Using OpenMP for parallelism

Instructions

In this directory you will find a function which computes a Chebyshev expansion for an input function f.

The expansion is computed such that the resulting error is within numerical roundoff, which is confirmed by computing the norm of the error.

There is a C and fortran in the C and fortran directories respectively. You can build the unoptimized code by running

>>> make
>>> ./cheby.exe 5000

The runtime of this example is quadratic, so increasing the input argument can significantly increase runtime.

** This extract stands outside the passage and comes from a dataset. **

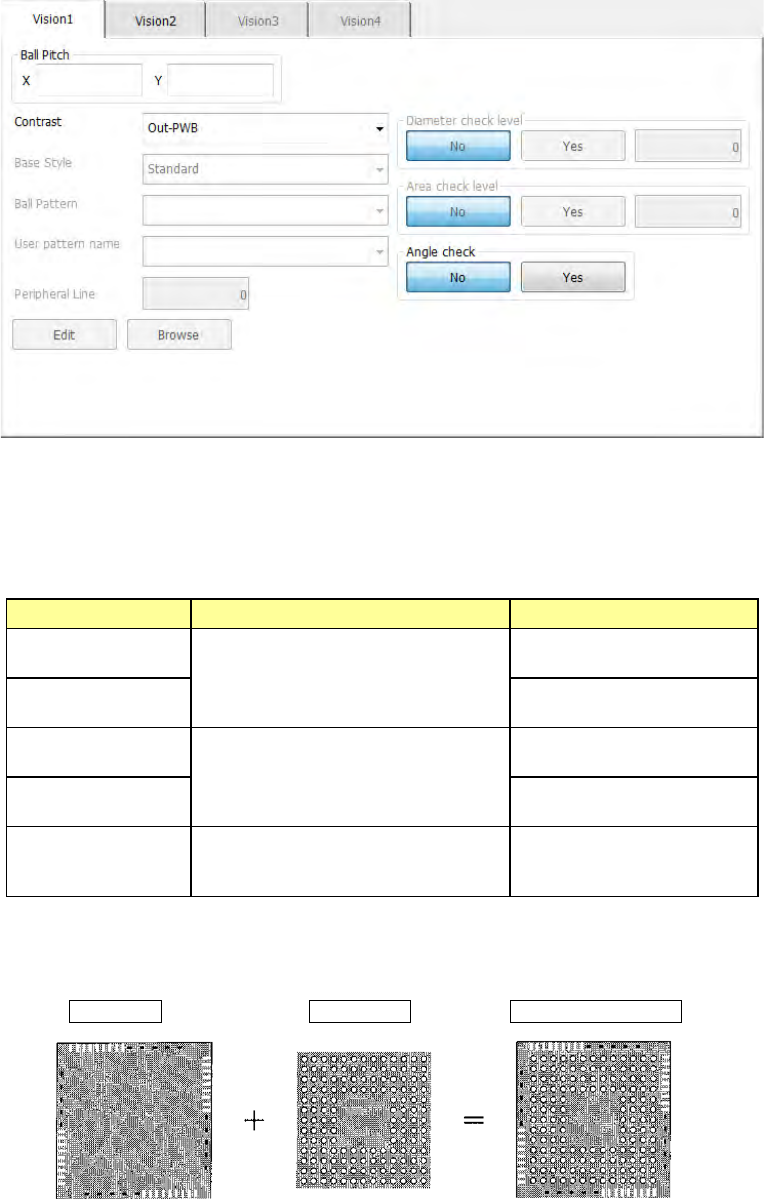 The “Vision 1” tab allows you to set the ball pitch, the contrast (recognition type), the base

In order to make the most meaningful comparisons and see if your code changes indeed improved performance, it is highly advised you make any changes in a fresh directory with all the original files in it. The original files are contained in the "original." There are accompanying solutions as well

The overview of steps are as follows:

  1. Compile and run the code on the host and record the times reported for find_Tcoeffs and evaluate_Tpoly.
  2. Parallelise the loop in gen_data using OpenMP. Use an omp for pragma with a static schedule.
  3. Parallelise the loop in the main function which is used to evaluate the norm of the errors. Use a reduction to get the final value of var.
  4. Parallelise the loops in find_Tcoeffs and evaluate_Tpoly. How does each function scale, going from 1 to 288 threads in suitable steps?
    1. You can change number of threads with environment variable OMP_NUM_THREADS, which you can set in a shell script that executes the code
    2. (Optional) Try changing the schedules between dynamic, static, auto, to see if it makes a difference

Step 5: (Optional) – More Practice

in order to practise more of the OpenMP introduced in the talk.) So far we have created a new parallel region for each parallel loop. Instead, starting from the original serial code, create a single parallel region at the start of the program as follows:

#pragma omp parallel default(none) \
private(i,j,dif,t1,t2) \
shared(argc,argv,n1,xbar) \
shared(fr,coeffs,fe,var) \
shared(macheps,nrm2,tol,stderr)
for (i=1; i<argc; i++)
//…

The existing omp for directives should become orphaned directives. Ensure that the master thread is the only thread capable of printing. 1. Ensure that only a single thread allocates and frees the pointers. 2. Note that t1 and t2 are private. This time we want to print the cumulative time taken by all threads. Sum the time taken by each thread into a new shared variable tall. Make sure you protect access to tall. Reset tall to zero after it has been used to print the cumulative time taken by find_Tcoeffs and reuse it to time evaluate_Tpoly in the same way. 3. You could also declare t1 and t2 as shared pointers and allocate them at the start of the program, outside of the parallel region (i.e. use t1[i] to record the time for thread i). Which OpenMP runtime function would you use to ensure that t1 and t2 each point to an area of memory large enough to record the time for all threads in the team?